If you have ever felt an uncomfortable, involuntary tightening inside while speaking with air traffic controllers, perhaps asking them to “please say again” for the second or third time, you are not alone. Other pilots including seasoned professionals, as well as veteran controllers, occasionally have similar difficulty making sense of radio transmissions that might be plagued by signal interference, cabin noise, and terminology that is not always familiar.
Many have wished for technology that could somehow clear up the messages coming through headsets and speakers to make them easier to comprehend. The good news is that researchers at Embry-Riddle Aeronautical University are developing a system that uses artificial intelligence to clarify aviation radio communications.

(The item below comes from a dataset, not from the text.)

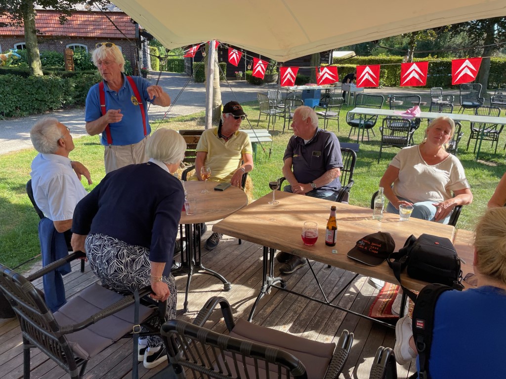 Daar hielden we halt bij de kerk voor koffie/lunch bij eetcafé De Witte, plek voor iedereen buiten op het achter-terras! Toen reden we al snel Duitsland binnen om via landelijke wegen uiteindelijk tegen 15.30 h in Kranenburg uit te komen, geen plaats voor iedereen op het pleintje voor El Toro, maar langs de straat kon je ook goed je auto kwijt.

“We see an opportunity here for another leap forward to help controllers and pilots have safer radio communication,” Schneider said.
The system uses speech recognition technology to transcribe spoken radio transmissions into text. After that, the text is processed and refined using standard terminology. The Embry-Riddle technology also formats spoken numbers and call signs, removes extraneous words, and flags possible errors.
The system is designed to allow broad analysis of communication between pilots and ATC. As a result, it could reveal patterns, phraseology errors, and safety concerns that previously were difficult to study, according to Embry-Riddle. The system could also, at some point, provide feedback to student pilots and instructors seeking to identify and correct communication problems.
In the effort to clarify radio communications Schneider is collaborating with Jianhua Liu, an associate professor of electrical and computer engineering, to develop the AI-based system.
“With this research, we can improve the efficiency of communications and reduce errors,” said Liu, whose background includes machine learning.
Two grants totaling $30,000 from the university’s Boeing Center for Aviation and Aerospace Safety have helped support Schneider and Liu’s research. “We simply couldn’t have launched this work without that support — it enabled us to move from concept to reality,” Schneider said.
Their research, which began with a $15,000 grant in 2023, included the collection of radio recordings from 12 U.S. airports with high traffic levels. The researchers used automatic speech recognition tools such as OpenAI’s Whisper to transcribe the recordings. A high rate of errors convinced them that they needed aviation-specific tools, according to Schneider, who is a third-generation pilot and linguist.
“Aviation English isn’t standard conversational grammar—it’s a condensed, highly specific phraseology spoken over a noisy radio where words get clipped and specialized jargon abounds,” he said.
Liu used his expertise in signal processing to tailor a speech recognition tool that cut the error rate from 80 percent to less than 15 percent.